Task requirements -> Retype, word for word, the line holding "Two nice teens" and every line below it to the end of the listing. Leave out the pictures.
(Data excerpt Opens)
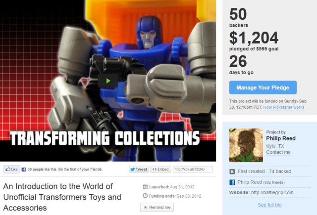 Faster than I could get a post up about it, in the past couple of days the Transforming Collections Toy Reference Book project on Kickstarter has exceeded its initial funding goal and will come to fruition. But Transformers fans, that doesn’t mean you shouldn’t jump on this bandwagon to produce a book featuring those third party add-ons and accessories that make your Transformers kick ass.
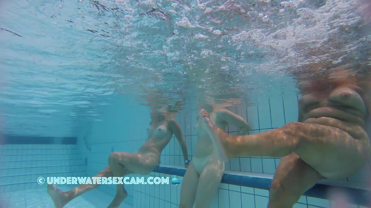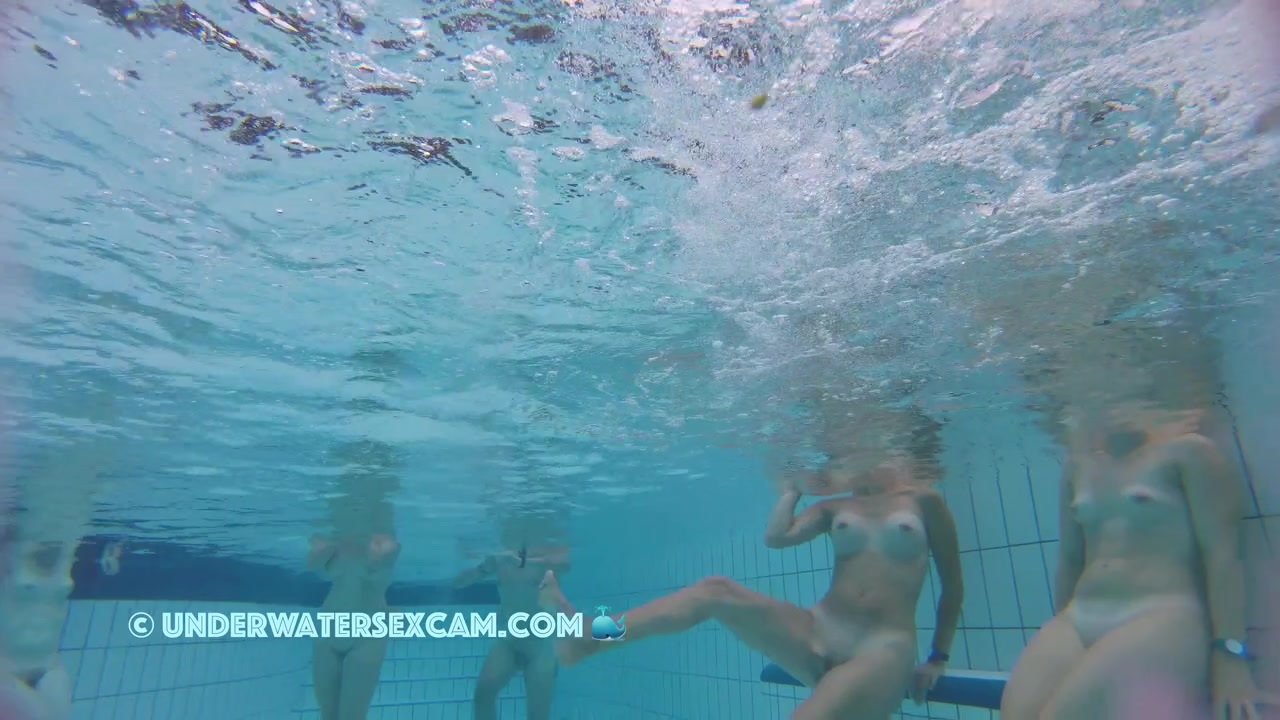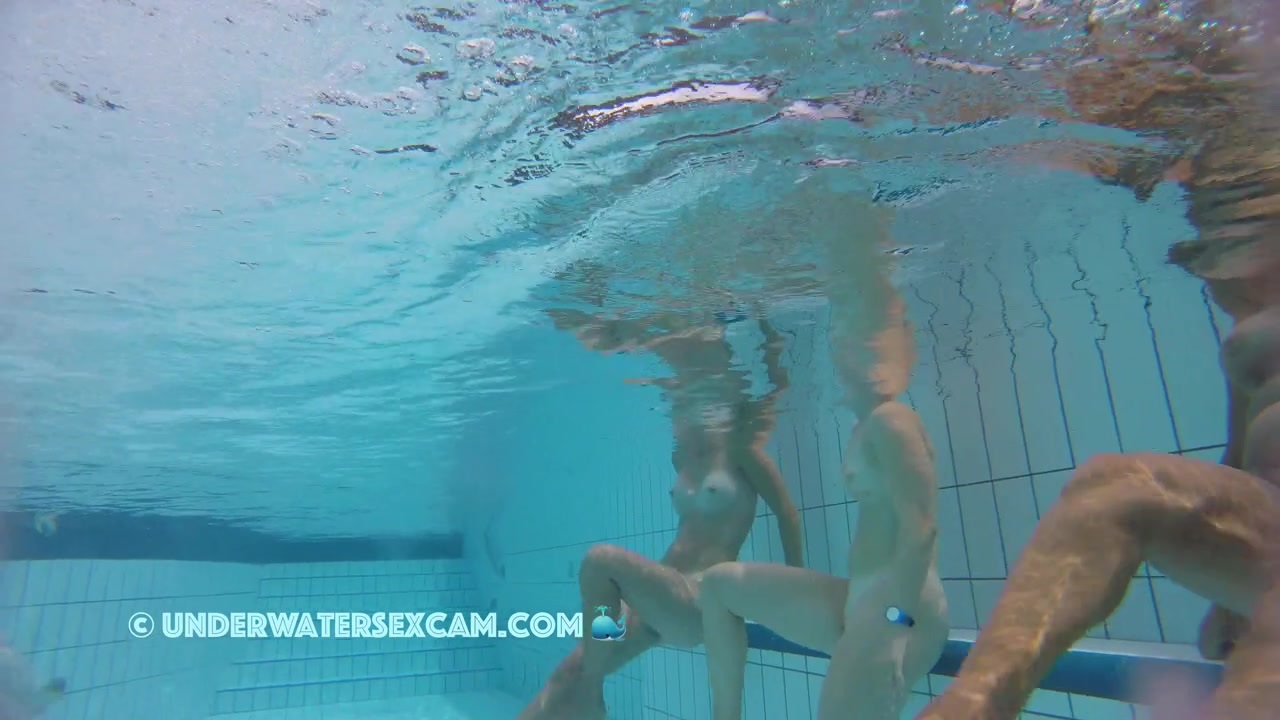 Two nice teens with sweet tits like to be naked underwater in a public pool while the hidden security cam is running.
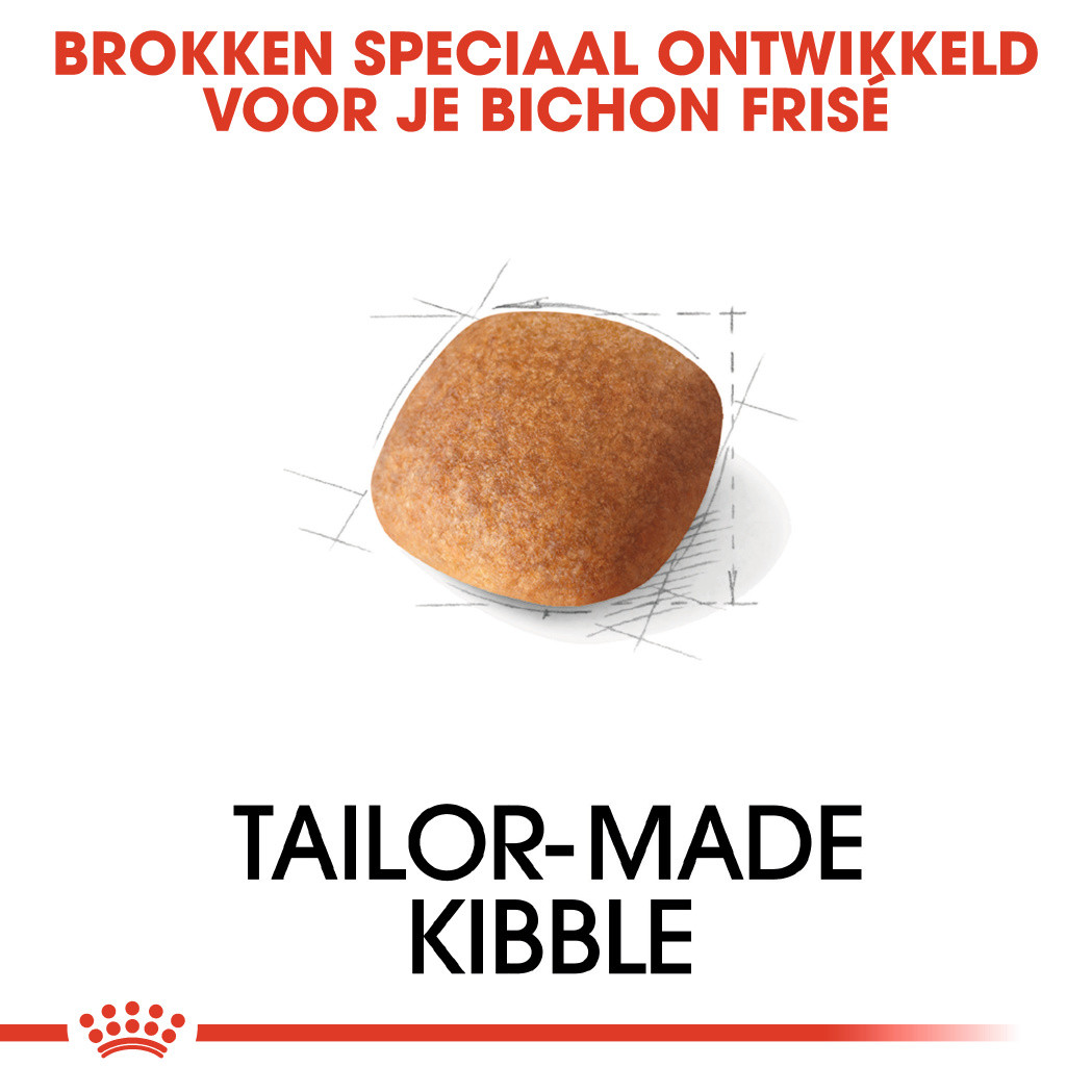 Met een gemiddelde hoogte van 25 centimeter is de Bichon Frisé klein, maar elegant. Zijn hoofd trots en hoog. Zijn ogen levendig en expressief. En zijn staart hoog en gracieus over de rug gedragen. Wie loopt er nu niet graag met zo'n hondje? Speciaal voor deze elegante hond hebben we bij Royal Canin Bichon Frisé Adult ontwikkeld.
(Data excerpt Closes)
Response below ->
 Two nice teens with sweet tits like to be naked underwater in a public pool while the hidden security cam is running.
 Met een gemiddelde hoogte van 25 centimeter is de Bichon Frisé klein, maar elegant. Zijn hoofd trots en hoog. Zijn ogen levendig en expressief. En zijn staart hoog en gracieus over de rug gedragen. Wie loopt er nu niet graag met zo'n hondje? Speciaal voor deze elegante hond hebben we bij Royal Canin Bichon Frisé Adult ontwikkeld.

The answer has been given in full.